::: Entries provided

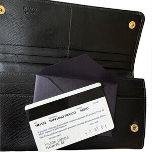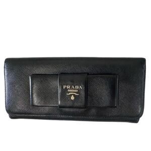 Prada Black Saffiano Fiocco Leather Bow Continental Wallet with COA card Included
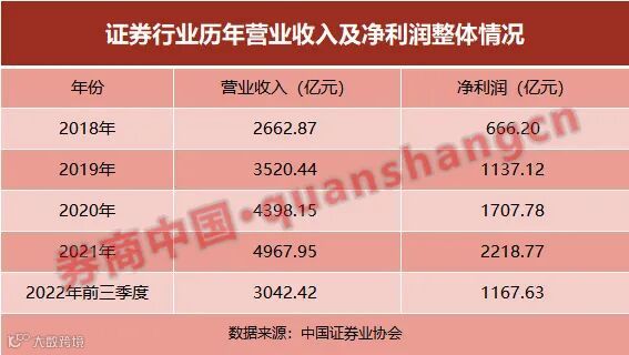 2018年以来,证券行业整体保持营收、净利逐年双增的趋势,截至2021年证券行业全年实现营业收入4967.95亿元,实现净利润2218.77亿元。不过,在业绩持续增长4年以后,券业业绩持续改善的势头在2022年戛然而止。
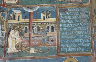 | Keywords: Voronet murals 2010 19.jpg Voroneţ Monastery Romania The church is one of the Painted churches of northern Moldavia listed in UNESCO's list of World Heritage sites own photo 14 d'Août 2010 Man vyi Own work all rights released Public domain Murals in Voroneț Murals and icons on the exterior of churches Cyrillic inscriptions in Romania |
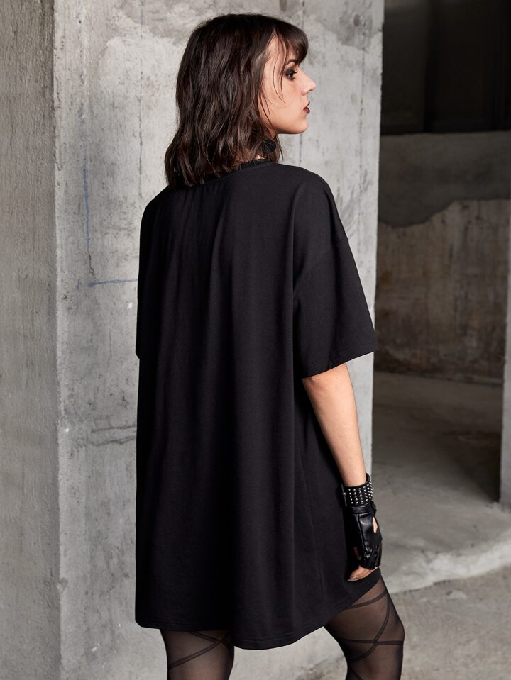 Abito maglietta con spalle cadenti teschio & con grafica slogan
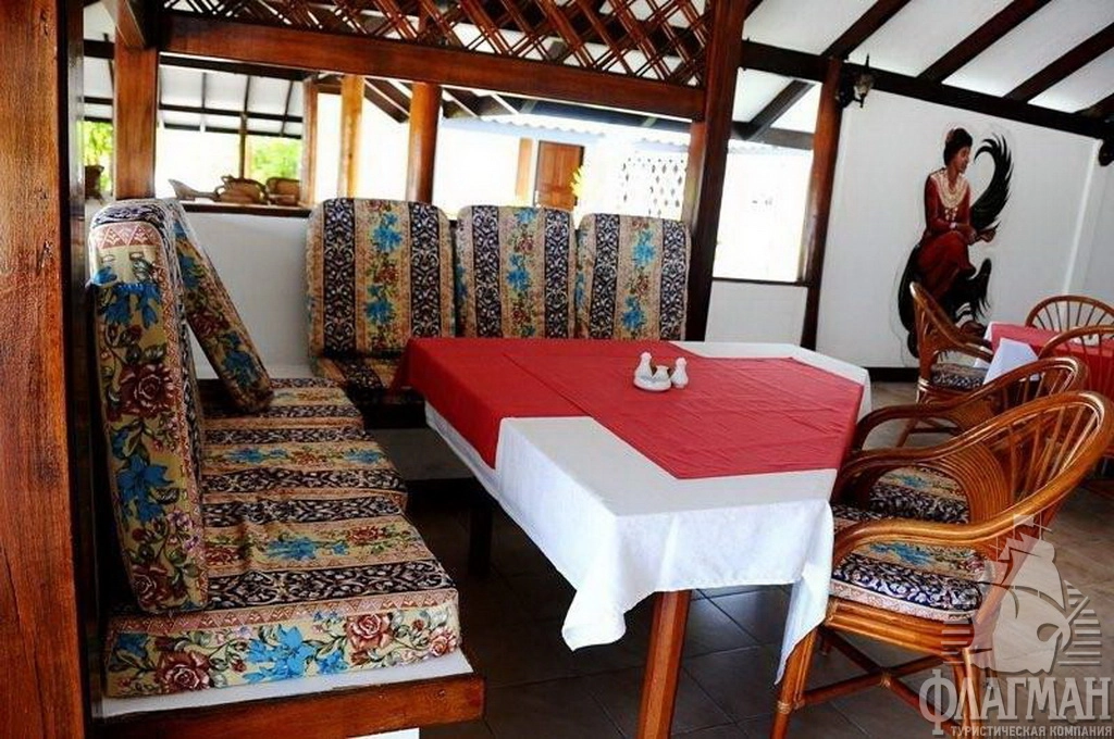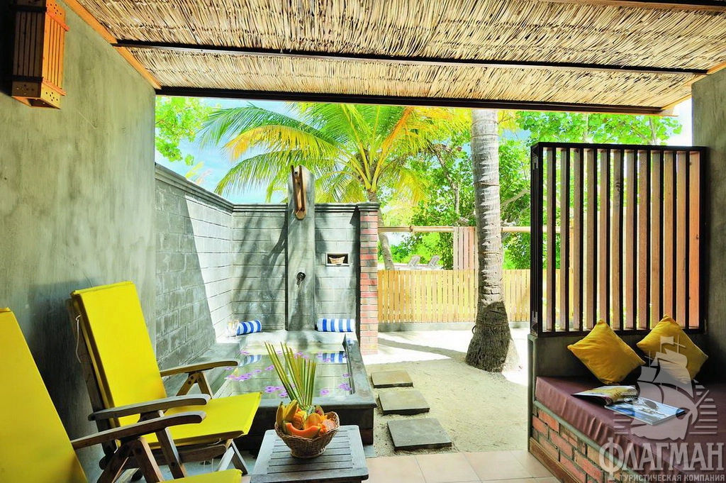 8 Deluxe Room (25 м2, макс. 2 чел.). В дополнение к оснащению номера Beach Front Room имеется телевизор, ванна частично на открытом воздухе, душ под открытым небом, собственный мини-садик, фен.

::::::

• **Instructions for the task**: Skip all pictures. Write out only the lines from the one containing "in Romania |" to the end of the listing above, inclusive, exactly as given.

• **Solution to the problem**:
 | Keywords: Voronet murals 2010 19.jpg Voroneţ Monastery Romania The church is one of the Painted churches of northern Moldavia listed in UNESCO's list of World Heritage sites own photo 14 d'Août 2010 Man vyi Own work all rights released Public domain Murals in Voroneț Murals and icons on the exterior of churches Cyrillic inscriptions in Romania |
 Abito maglietta con spalle cadenti teschio & con grafica slogan
 8 Deluxe Room (25 м2, макс. 2 чел.). В дополнение к оснащению номера Beach Front Room имеется телевизор, ванна частично на открытом воздухе, душ под открытым небом, собственный мини-садик, фен.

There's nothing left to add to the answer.